> [DATA EXCERPT]
▶
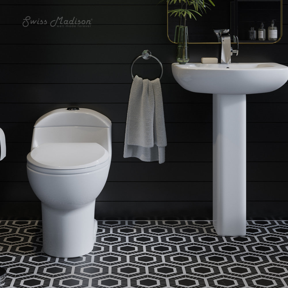 Transform your living spaces into regal abodes with the Chateau collection, embracing grandeur and comfort in every detail. Redefine your bathroom with our one-piece toilet, combining seamless design and functionality for a truly modern upgrade. Offered in white with a glossy finish and black hardware.
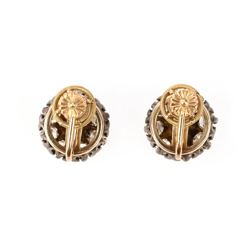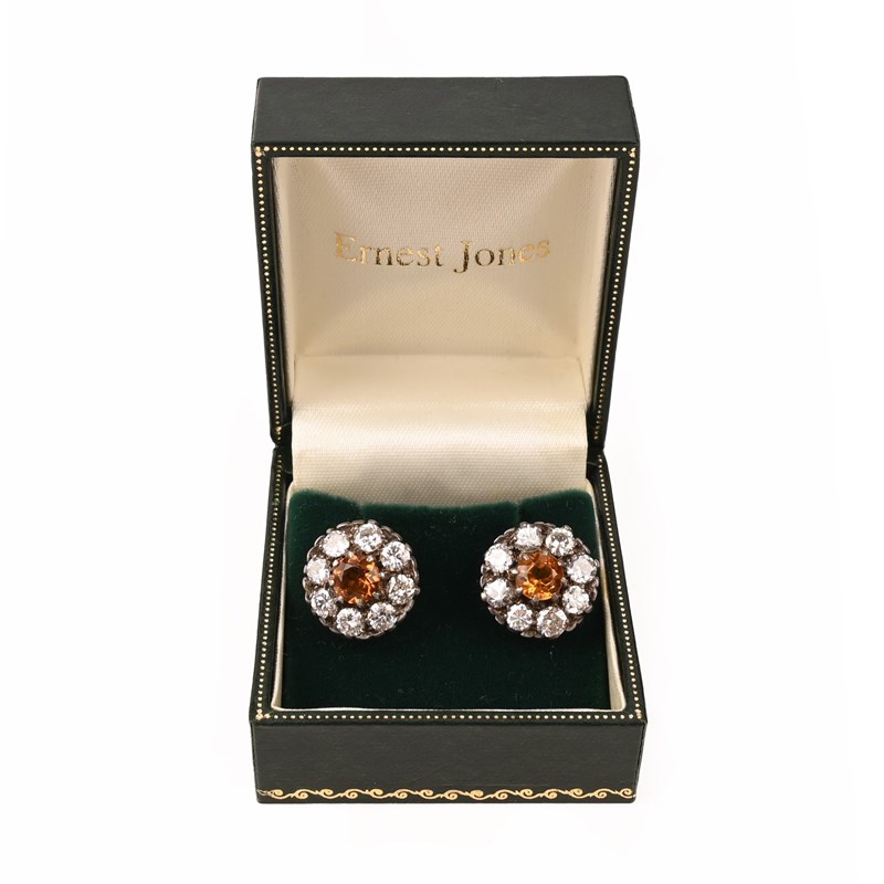 A PAIR OF CITRINE AND DIAMOND EARRINGS, 19TH CENTURY AND LATER, each set with a circular-cut citrine within a border of round brilliant-cut diamonds, mounted in silver and gold, screw fittings, diameter 1.5cm
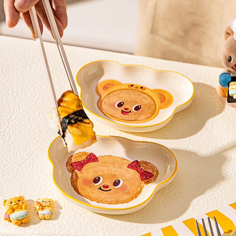 [แม่บ้านสมัยใหม่ & หมีเนย] จานจุ่มซอสถั่วเหลืองน้ําส้มสายชูจานปรุงรสจานปรุงรสจานเล็กจาน
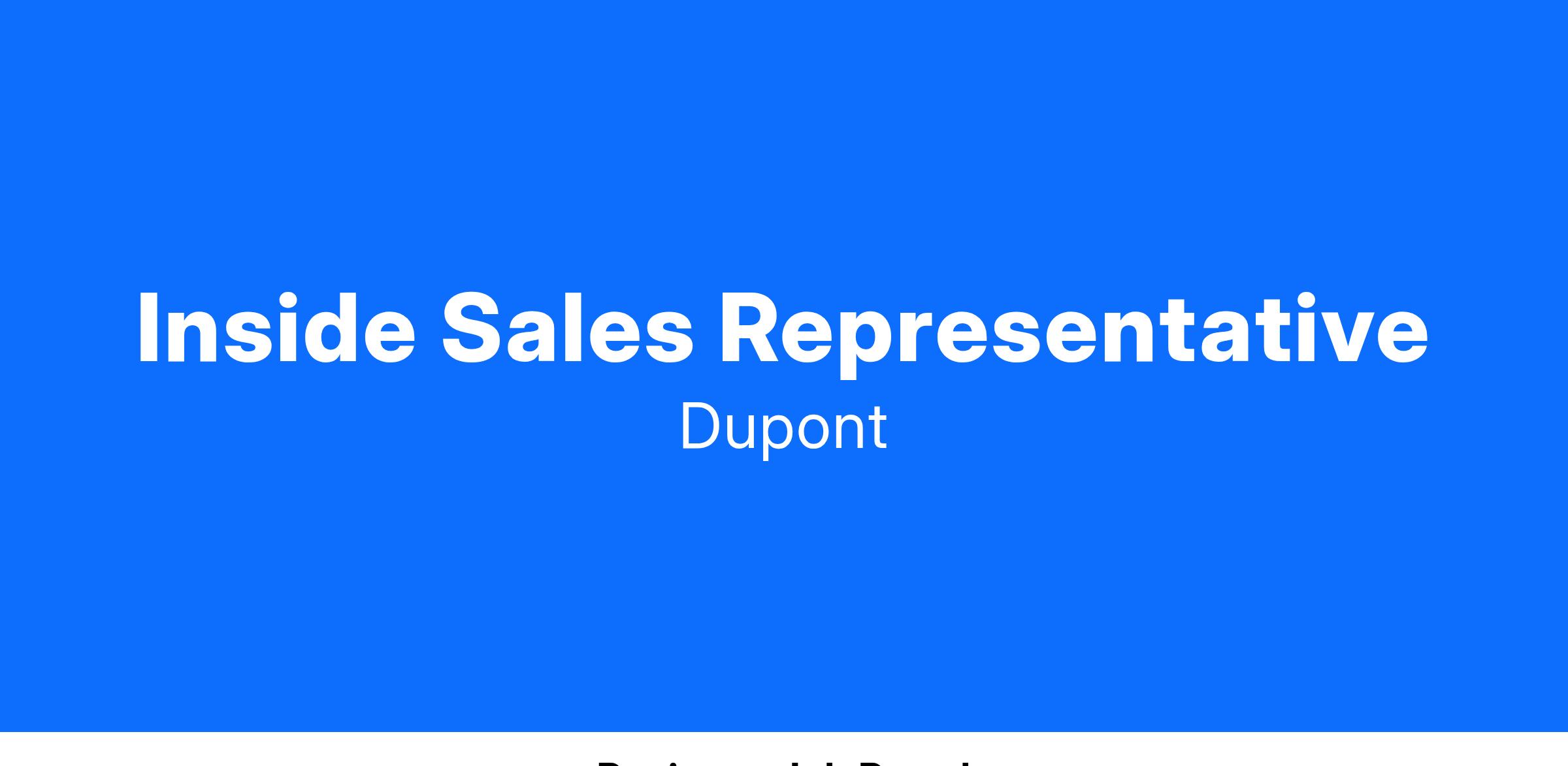 Inside Sales, Kalrez®, DuPont Industrial Solutions
◀
> [DIRECTIONS FOR THIS TASK] Give every line above again exactly, omitting whatever pictures appear.

> [ANSWER BELOW]
 Transform your living spaces into regal abodes with the Chateau collection, embracing grandeur and comfort in every detail. Redefine your bathroom with our one-piece toilet, combining seamless design and functionality for a truly modern upgrade. Offered in white with a glossy finish and black hardware.
 A PAIR OF CITRINE AND DIAMOND EARRINGS, 19TH CENTURY AND LATER, each set with a circular-cut citrine within a border of round brilliant-cut diamonds, mounted in silver and gold, screw fittings, diameter 1.5cm
 [แม่บ้านสมัยใหม่ & หมีเนย] จานจุ่มซอสถั่วเหลืองน้ําส้มสายชูจานปรุงรสจานปรุงรสจานเล็กจาน
 Inside Sales, Kalrez®, DuPont Industrial Solutions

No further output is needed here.